## TASK REQUIREMENTS
Could the records be returned exactly, with the pictures left out?

## MATERIAL PROVIDED
Segment Open
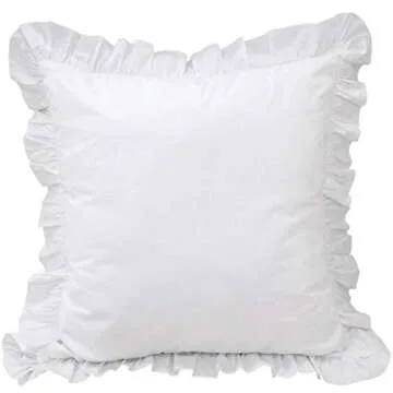 Precious Star Linen White Edge Ruffle European 28x28 Inch Pillow Shams Long-Staple Egyptian Cotton Hotel Class Set of 2 Decorative Euro Square Pillow Cover, Envelope Closure Soft & Cozy
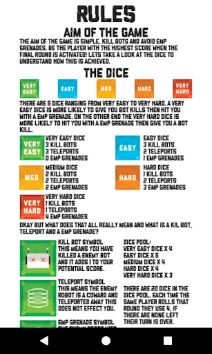 Get ready for the ultimate bot-killing experience! Killer Bots is the dice-rolling game where you must defeat enemy bots while avoiding EMP grenades. With up to 12 players on one device, this game is perfect for groups of friends. Roll the dice and try to get the most bot kills while keeping your EMP hits below 5. With 5 types of dice and 20 in the pool, each with different symbols, the game becomes more challenging as you progress. Activate the last round by reaching 20 bot kills and try to beat your friends’ scores. Don’t miss out on this must-have game!
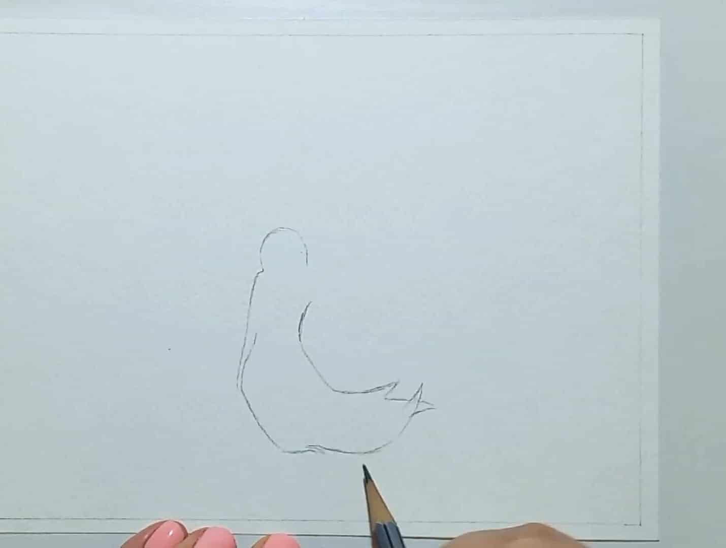 Первым делом обведем контур самой девушки и горизонта. Она должна быть нарисована примерно в середине листа.
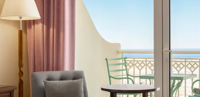 номер для людей с ограниченными физическими возможностями с балконом и видом на море. В номере: две односпальные кровати, рабочий стол, ванная комната с душем с поручнями и биде. Доступны смежные номера.
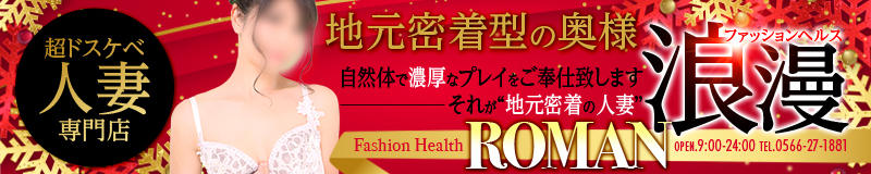 三河地区で人妻さんと濃密な時間を過ごしたい貴方には「浪漫」がオススメ!刺激に飢えたドスケベな奥様が多数在籍中です!羞恥心や屈辱感を欲するドMな奥様から性に貪欲な責め好きドS奥様まで様々なタイプの奥様を取り揃えております!きっと貴方の好みにあったプレイが楽しめます♪官能的に身体をくねらせ、甘い吐息をもらすエロスに満ちた奥様とこの上ない快感を一度味わってみませんか?今すぐ出勤情報をチェックしてみてください!
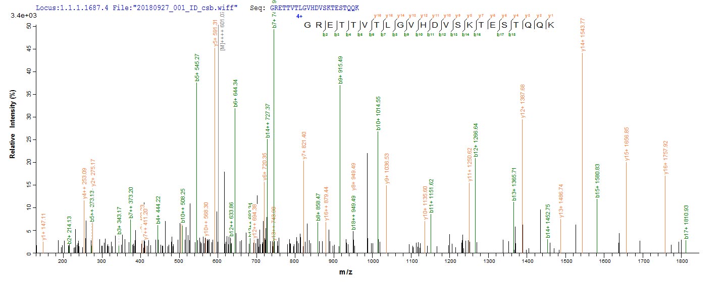 Based on the SEQUEST from database of E.coli host and target protein, the LC-MS/MS Analysis result of CSB-EP357723RA could indicate that this peptide derived from E.coli-expressed Rattus norvegicus (Rat) Mcpt1.
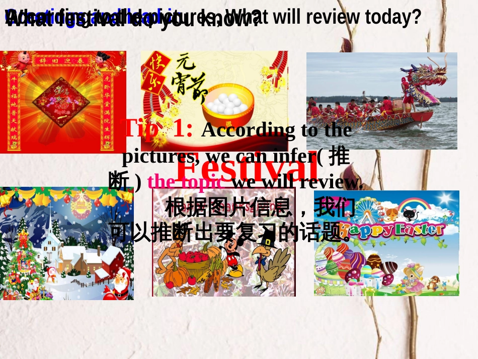 Topic3Let'scelebrate!仁爱七下FestivalGreetingsandlead-inTip1:Accordingtothepictures,wecaninfer(推断)thetopicwewillreview.根据图片...
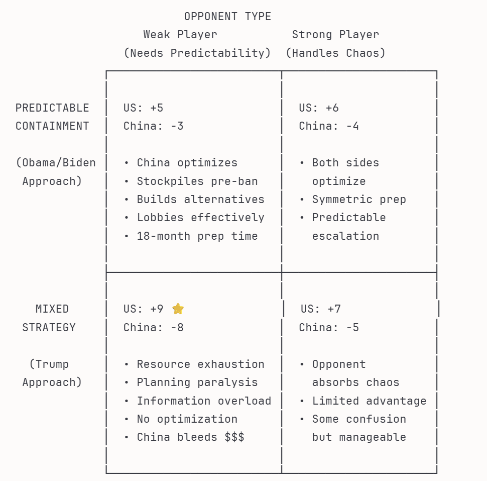 5. Trump’s chaos exploits this asymmetry (strong player benefits from unpredictability)
Segment Closed
## RESULT OF THIS TASK
 Precious Star Linen White Edge Ruffle European 28x28 Inch Pillow Shams Long-Staple Egyptian Cotton Hotel Class Set of 2 Decorative Euro Square Pillow Cover, Envelope Closure Soft & Cozy
 Get ready for the ultimate bot-killing experience! Killer Bots is the dice-rolling game where you must defeat enemy bots while avoiding EMP grenades. With up to 12 players on one device, this game is perfect for groups of friends. Roll the dice and try to get the most bot kills while keeping your EMP hits below 5. With 5 types of dice and 20 in the pool, each with different symbols, the game becomes more challenging as you progress. Activate the last round by reaching 20 bot kills and try to beat your friends’ scores. Don’t miss out on this must-have game!
 Первым делом обведем контур самой девушки и горизонта. Она должна быть нарисована примерно в середине листа.
 номер для людей с ограниченными физическими возможностями с балконом и видом на море. В номере: две односпальные кровати, рабочий стол, ванная комната с душем с поручнями и биде. Доступны смежные номера.
 三河地区で人妻さんと濃密な時間を過ごしたい貴方には「浪漫」がオススメ!刺激に飢えたドスケベな奥様が多数在籍中です!羞恥心や屈辱感を欲するドMな奥様から性に貪欲な責め好きドS奥様まで様々なタイプの奥様を取り揃えております!きっと貴方の好みにあったプレイが楽しめます♪官能的に身体をくねらせ、甘い吐息をもらすエロスに満ちた奥様とこの上ない快感を一度味わってみませんか?今すぐ出勤情報をチェックしてみてください!
 Based on the SEQUEST from database of E.coli host and target protein, the LC-MS/MS Analysis result of CSB-EP357723RA could indicate that this peptide derived from E.coli-expressed Rattus norvegicus (Rat) Mcpt1.
 Topic3Let'scelebrate!仁爱七下FestivalGreetingsandlead-inTip1:Accordingtothepictures,wecaninfer(推断)thetopicwewillreview.根据图片...
 5. Trump’s chaos exploits this asymmetry (strong player benefits from unpredictability)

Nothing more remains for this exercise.